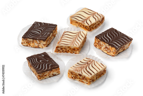 White and brown Moroccan marbled chocolate cookies isolated on white background close up
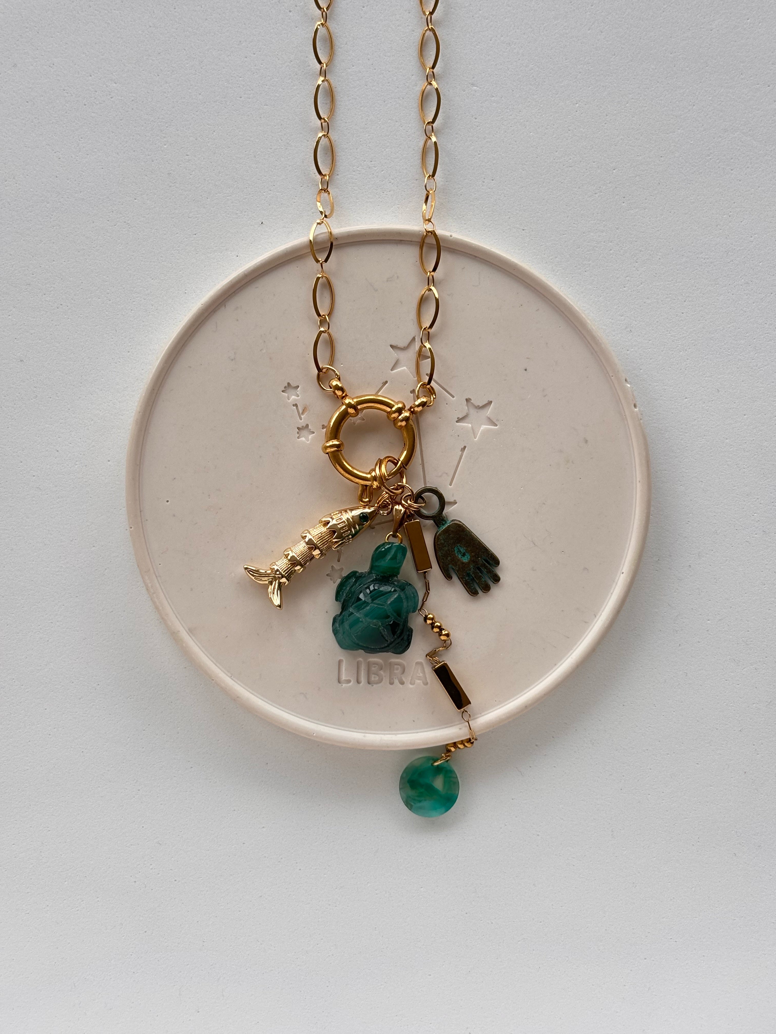 In questo gioiello troviamo una chiusura marinaio al centro sul davanti con vari charms uniti tra loro e nel dettaglio: pesciolino stile vintage, tartaruga in pietra dura, catenella effetto bronzato e manina in tono.
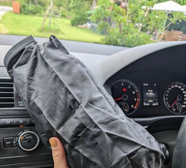 エンジンを切った瞬間から気温上昇が始まる、真夏の車内。特に小さい子どもと一緒だと、ゆっくり丁寧に「傘型サンシェード」を畳んでいる余裕はないので、畳まなくても入る大きめサイズの収納を用意することに!
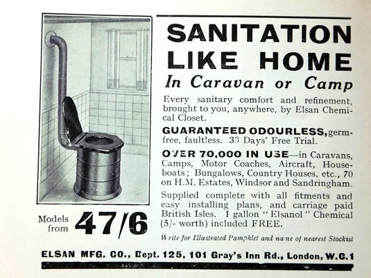 I was pleasantly surprised at how readable this book is. It consists of 8 chapters, each dealing with a different aspect of camping, followed by helpful appendices and tables. It is packed with fascinating black and white photographs and diagrams, plus interesting adverts, such as the one advertising the County Caravan – 'the only caravan you can tow from either end'! And the one for the Elsan Chemical Closet which you could have on a 30 day free trial. I wonder what they did with the ones returned after the 30 day trial??
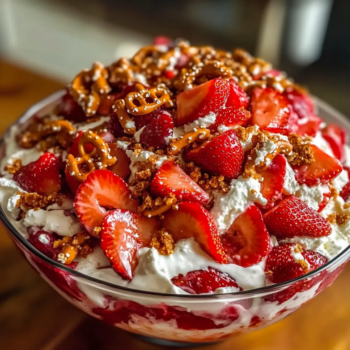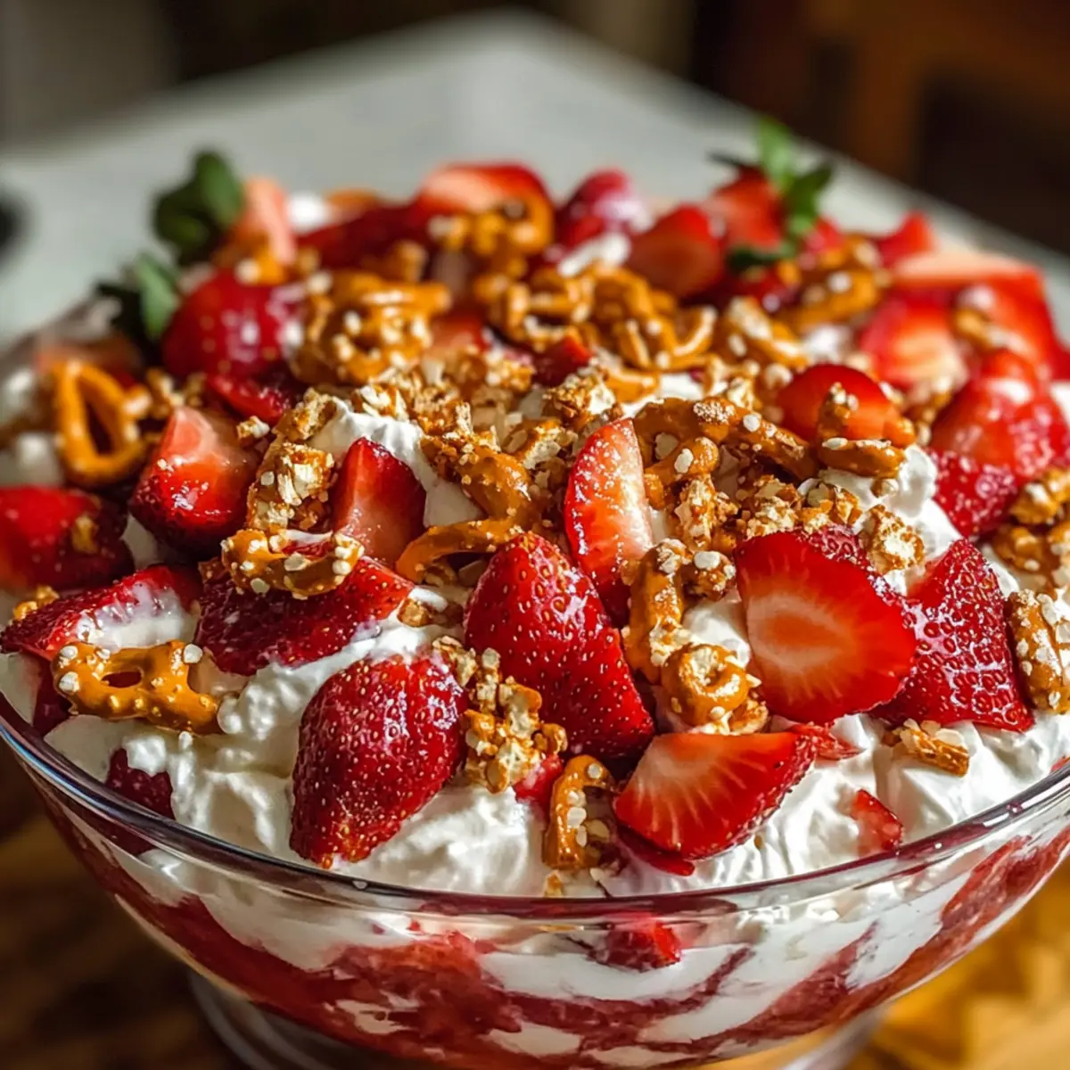 Make Ahead Convenience: You can prepare components in advance, just adding the strawberries and pretzel crunch right before serving, making it a practical choice.
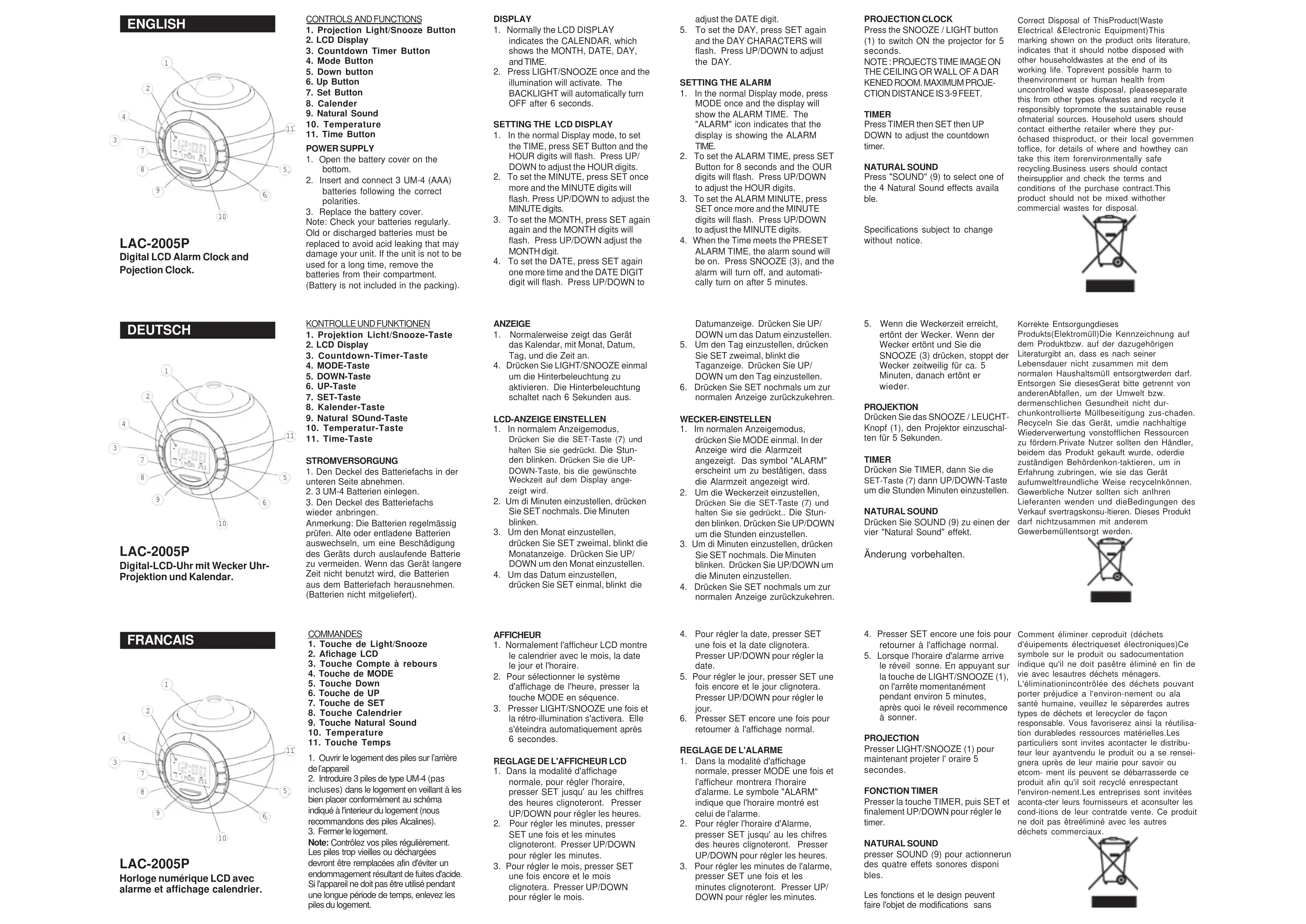 presser SET une fois et les minutes clignoteront. Presser UP/ DOWN pour régler les minutes. LAC-2005P Horloge numérique LCD avec alarme et affichage calendrier.

- - - - - - -

**Exercise requirements**
For the entries above, print exactly the lines between the one with "In questo gioiello" and the one with "エンジンを切った瞬間から気温", inclusive, with no pictures.

**Your solution**
 In questo gioiello troviamo una chiusura marinaio al centro sul davanti con vari charms uniti tra loro e nel dettaglio: pesciolino stile vintage, tartaruga in pietra dura, catenella effetto bronzato e manina in tono.
 エンジンを切った瞬間から気温上昇が始まる、真夏の車内。特に小さい子どもと一緒だと、ゆっくり丁寧に「傘型サンシェード」を畳んでいる余裕はないので、畳まなくても入る大きめサイズの収納を用意することに!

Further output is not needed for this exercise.